◆ **Aim of the exercise**:
What is wanted is every line below from the one with "Жилет выполнен из" up to and including the one with "Camilla enjoyed her", retyped exactly, pictures excluded, nothing else.

◆ **Records to process**:
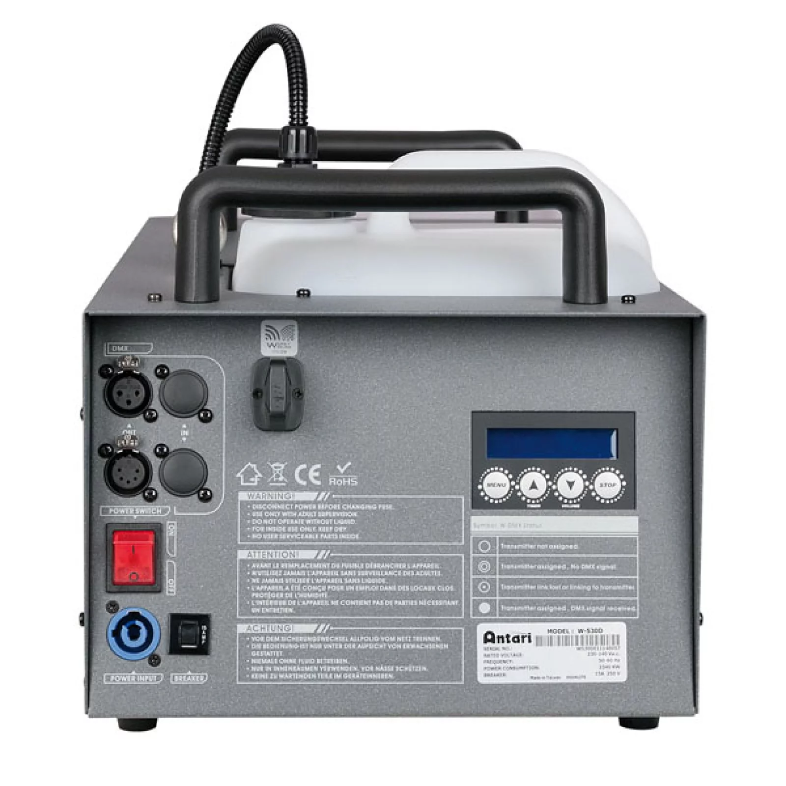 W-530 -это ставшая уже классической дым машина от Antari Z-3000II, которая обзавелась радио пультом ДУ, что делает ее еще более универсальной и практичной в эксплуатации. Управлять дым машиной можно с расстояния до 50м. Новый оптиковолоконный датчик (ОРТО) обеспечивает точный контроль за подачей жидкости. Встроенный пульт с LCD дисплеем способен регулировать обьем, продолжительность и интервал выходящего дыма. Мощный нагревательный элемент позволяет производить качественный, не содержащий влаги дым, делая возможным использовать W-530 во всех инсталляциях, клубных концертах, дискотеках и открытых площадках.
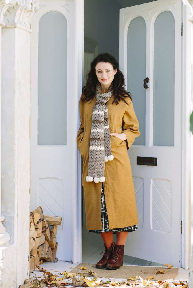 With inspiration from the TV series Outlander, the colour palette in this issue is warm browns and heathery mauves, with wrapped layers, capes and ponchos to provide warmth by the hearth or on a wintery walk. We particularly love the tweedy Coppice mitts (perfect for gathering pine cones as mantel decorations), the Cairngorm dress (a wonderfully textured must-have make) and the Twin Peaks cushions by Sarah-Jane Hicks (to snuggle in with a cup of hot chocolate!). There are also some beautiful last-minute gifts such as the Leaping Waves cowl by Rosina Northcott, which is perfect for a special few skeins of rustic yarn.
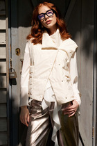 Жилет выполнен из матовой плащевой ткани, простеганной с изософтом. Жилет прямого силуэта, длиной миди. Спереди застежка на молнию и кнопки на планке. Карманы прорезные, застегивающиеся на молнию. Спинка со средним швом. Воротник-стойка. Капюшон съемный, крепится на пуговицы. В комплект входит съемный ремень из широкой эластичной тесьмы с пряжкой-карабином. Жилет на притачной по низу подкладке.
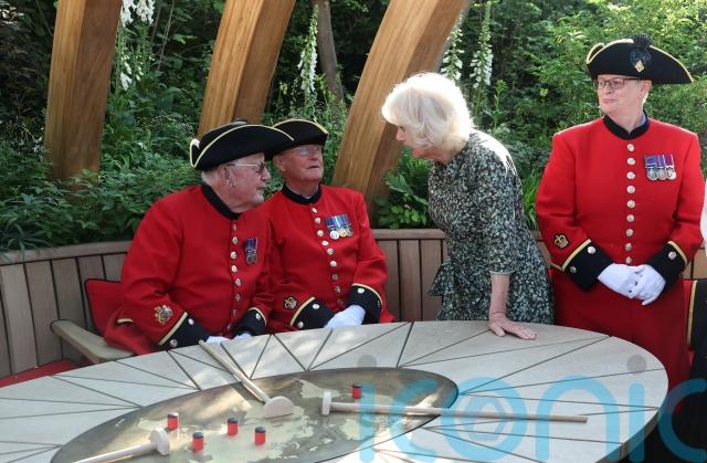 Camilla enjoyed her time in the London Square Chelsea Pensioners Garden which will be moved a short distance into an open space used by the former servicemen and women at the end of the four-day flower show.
---
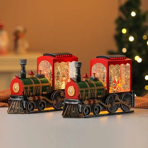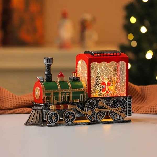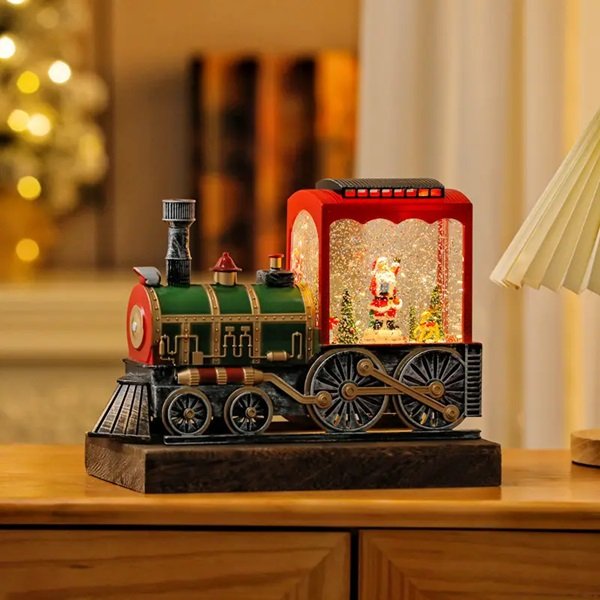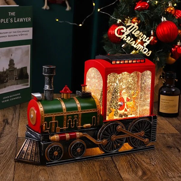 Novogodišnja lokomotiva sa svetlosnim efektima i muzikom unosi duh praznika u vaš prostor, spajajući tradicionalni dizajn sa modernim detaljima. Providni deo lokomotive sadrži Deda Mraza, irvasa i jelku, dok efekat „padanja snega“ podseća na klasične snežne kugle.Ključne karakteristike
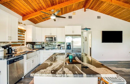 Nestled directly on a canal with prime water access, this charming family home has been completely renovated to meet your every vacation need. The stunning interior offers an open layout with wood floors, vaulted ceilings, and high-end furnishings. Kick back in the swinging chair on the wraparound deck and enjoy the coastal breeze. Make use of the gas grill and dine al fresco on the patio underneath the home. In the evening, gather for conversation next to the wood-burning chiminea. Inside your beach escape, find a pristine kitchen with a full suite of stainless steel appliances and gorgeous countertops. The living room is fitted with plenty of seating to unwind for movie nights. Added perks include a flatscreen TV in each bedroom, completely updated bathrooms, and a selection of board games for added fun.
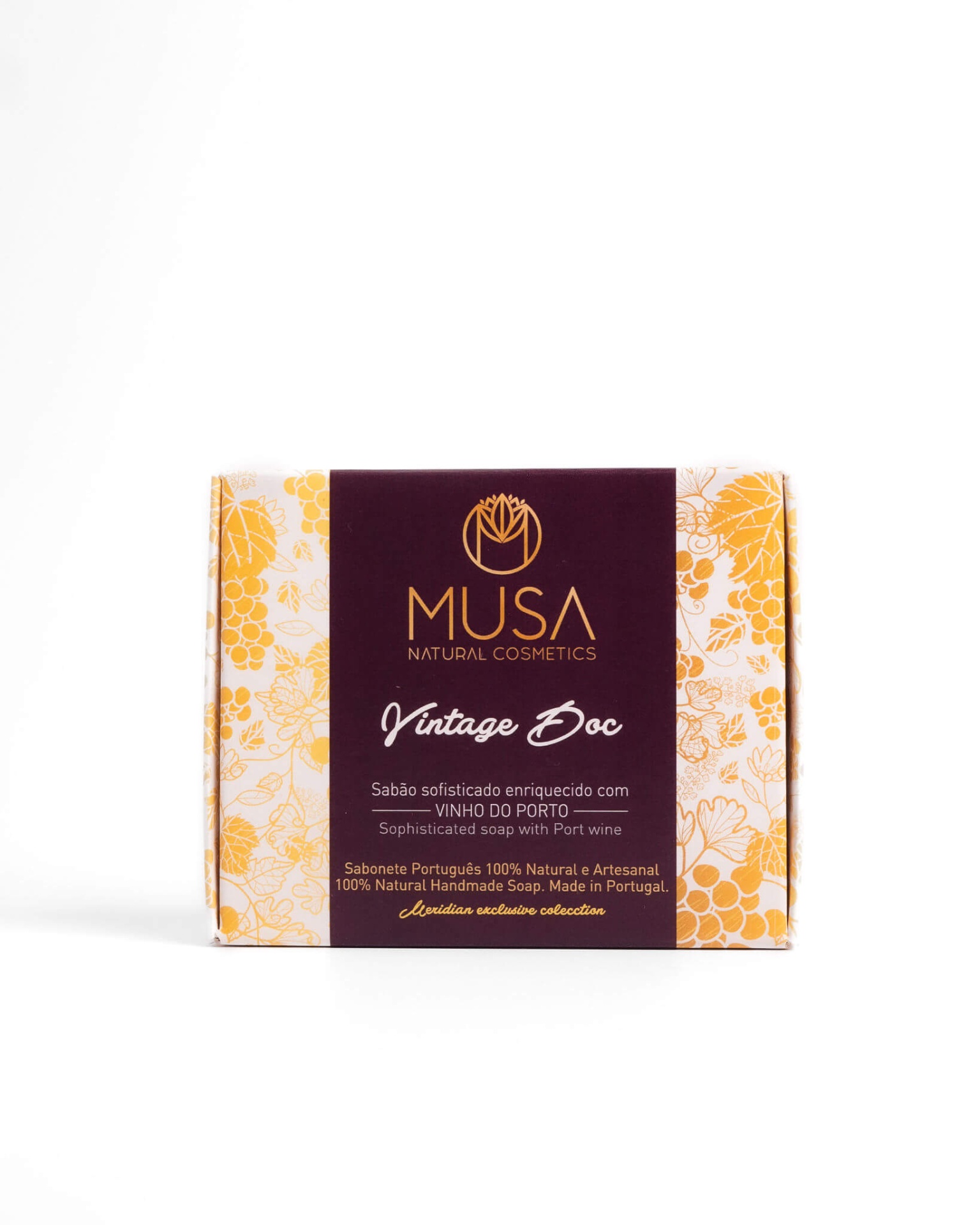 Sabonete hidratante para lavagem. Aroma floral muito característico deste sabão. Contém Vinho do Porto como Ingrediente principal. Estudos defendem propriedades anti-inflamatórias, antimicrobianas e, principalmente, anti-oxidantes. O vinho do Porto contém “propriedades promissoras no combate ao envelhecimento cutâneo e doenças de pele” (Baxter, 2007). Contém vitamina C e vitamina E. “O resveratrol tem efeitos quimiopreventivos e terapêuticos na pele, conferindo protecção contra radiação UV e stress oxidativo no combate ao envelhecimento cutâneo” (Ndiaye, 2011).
--
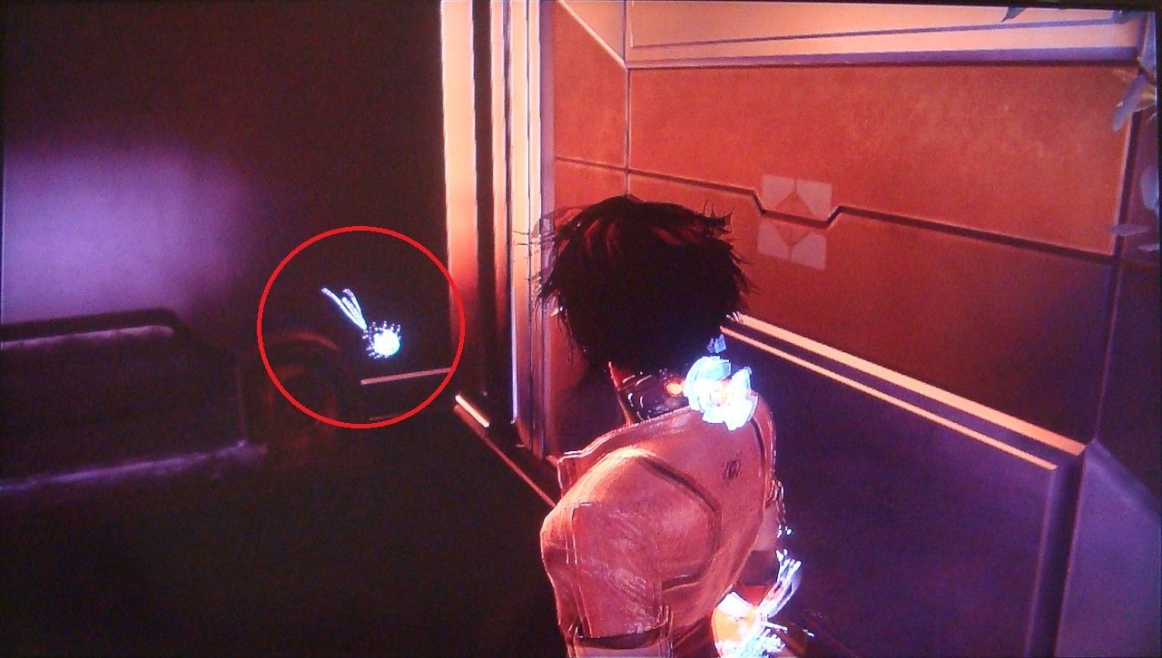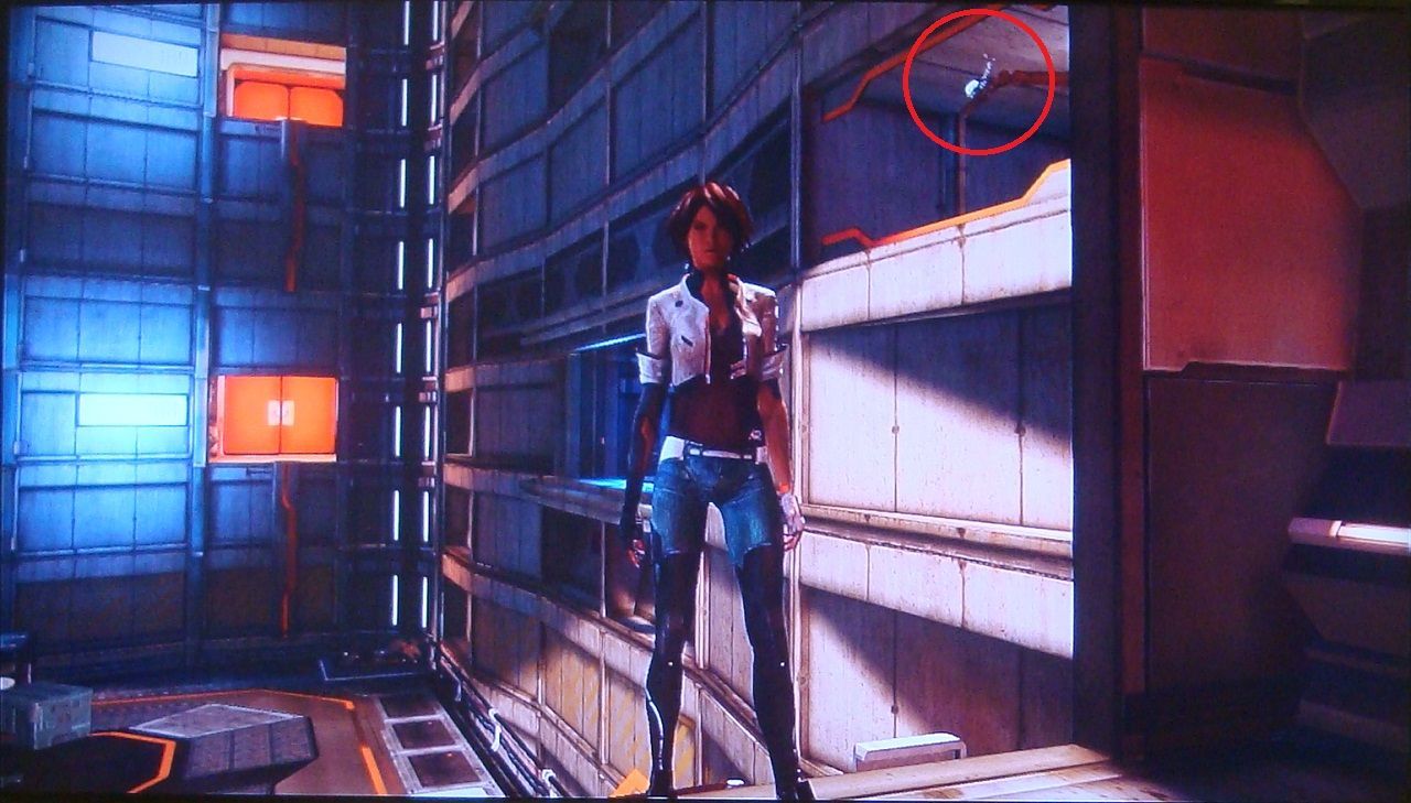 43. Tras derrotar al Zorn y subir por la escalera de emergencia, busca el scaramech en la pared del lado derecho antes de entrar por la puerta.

◆ **Response for this exercise**:
 Жилет выполнен из матовой плащевой ткани, простеганной с изософтом. Жилет прямого силуэта, длиной миди. Спереди застежка на молнию и кнопки на планке. Карманы прорезные, застегивающиеся на молнию. Спинка со средним швом. Воротник-стойка. Капюшон съемный, крепится на пуговицы. В комплект входит съемный ремень из широкой эластичной тесьмы с пряжкой-карабином. Жилет на притачной по низу подкладке.
 Camilla enjoyed her time in the London Square Chelsea Pensioners Garden which will be moved a short distance into an open space used by the former servicemen and women at the end of the four-day flower show.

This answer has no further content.